May 12, 2007

"Stairway to Paradise" Approaches Nirvana

Let me say right off the bat that my husband K is a member of the Encores orchestra. But even people whose household incomes are not affected by the Encores production of Stairway to Paradise are going to rave about this show. Of course, it's almost a tradition for musicals fans to rave about the Encores shows. For the past 13 years, the productions, which run for just five or six performances, attract the best talents in the business to put on concert versions of old Broadway musicals. But it's the music that's the true star of these shows and hearing a full 30-piece orchestra play those scores with the lush full sound they were intended to produce is always heavenly.

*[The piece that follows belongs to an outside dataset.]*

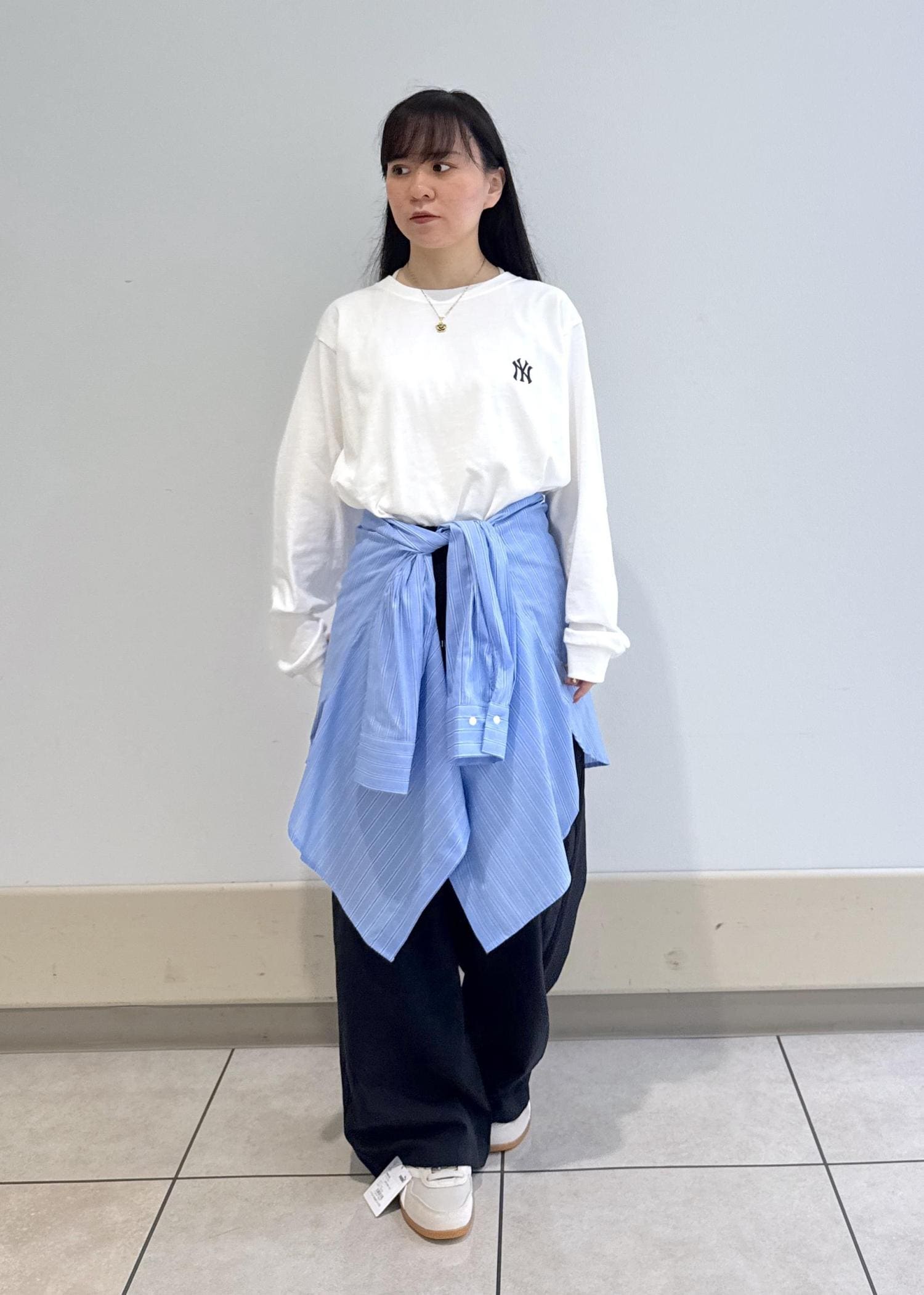 気温の変化によって、シャツを腰に巻くスタイルもいいかもしれません!

But this time, the Encores team, lead by artistic director Jack Viertel, has done something different—for the first time in its history, Encores has mounted an original work. Kind of. Stairway to Paradise is both an homage to the grand revues made most famous by the Ziegfeld Follies and a history of musical stage entertainment from the turn of the 20th century up to the 1950s when these kind of variety shows migrated to television on programs like “The Ed Sullivan Show,” “The Kraft Music Hall” and “The Carol Burnett Show,” which ran until 1978. Stairway to Paradise consists of 30 numbers—torch songs and comic patter tunes, sweet boy meets girl duets and brassy chorus numbers—written by Victor Herbert, Irving Berlin, Richard Rodgers and Lorenz Hart, Eubie Blake and Andy Razaf, George and Ira Gershwin, Cole Porter, Betty Comden and Adolph Green, among others. The original revues were filled with one-of-a-kind talents whose names still bring nods of recognition: Fanny Brice, Bert Williams, Helen Morgan, and Will Rogers. You may not instantly recognize all their names but Stairway to Paradise's top-knotch cast includes such legends-in-the-making as Kevin Chamberlin, Christopher Fitzgerald, Capathia Jenkins, Ruthie Henshall, a young tap dance wiz named Kendrick Jones, plus the always endearing and ambundantly talented Kristin Chenoweth. She is the heart and soul of the show. K says she’s also a really nice person.


The great treat of being married to someone in the Encores family is that you get to go to the invited dress rehearsal on the Wednesday night before the show opens. In the old days, before Encores tickets became harder to get than a table at a Thomas Keller restaurant, seating at the dress was open—first come, first serve and the amiable Judith Daykin, the executive director of City Center where the shows play, would stand in front of the curtain and read the Playbill listing of musical numbers to the audience since programs weren't given out at the rehearsal performance. Daykin retired four years ago, seats have long been assigned and you now get a little printed list of the numbers being performed but the rehearsal is still great fun and the anticipation literally crackles in the room when the tuxedoed orchestra, always seated on stage, strikes up the overture. I invited my friend Alan, a singer and a theatrical history buff, because I figured he'd know and appreciate the show. He did and he could barely restrain himself from singing along. But you don't need to know the songs or anything about Broadway's past to have a good time. The eight-year-old sitting next to us bounced along to the music and literally doubled over with laughter at jokes that were first told when her grandma’s grandma was a girl. I thought the show was the best I'd seen at Encores since I saw Chicago there in 1996.


As always happens when an Encores show is this terrific, speculation immediately begins about whether it will transfer to Broadway as Chicago and Wonderful Town eventually did. There are signs that it might. The music was completely reorchestrated by Broadway’s preeminent orchestrator Jonathan Tunick. Others on the top-shelf creative team include director Jerry Zaks, set designer John Lee Beatty and costume consultant William Ivey Long, who produced more—and more lavish—costumes than I can remember in any previous Encores show. In other words, someone thinks it’s worth investing a lot of money in this show. But over the next couple of weeks, the television networks will announce their new fall seasons and one of the pilots picking up positive buzz is called “Pushing Daisies”; one of its co-stars is Kristin Chenoweth. So, history may repeat itself and the revue may again see its talent migrate to TV.


2 comments:

Anonymous said...

Following the (mostly) raves the show got from the dailies and Internet critics, it's great to read such an enthusiastic post by someone with a personal connection to the show. It made me jealous all over again that I didn't try to see it and hopeful, though probably in vain, that the show WILL
transfer. But as I, too, have read that Chenoweth's TV pilot is getting great buzz, I don't have high hopes that she'll be available. And I wonder if there'd be a transfer without her. What's more, I also wonder about the untangling of the royalty situation. The money involved in satisfying the estates of all those lyricists, composers and sketch writers: Good Lord!

Steve On Broadway (SOB) said...

Oh how I wish I could go. Thanks for sharing your review!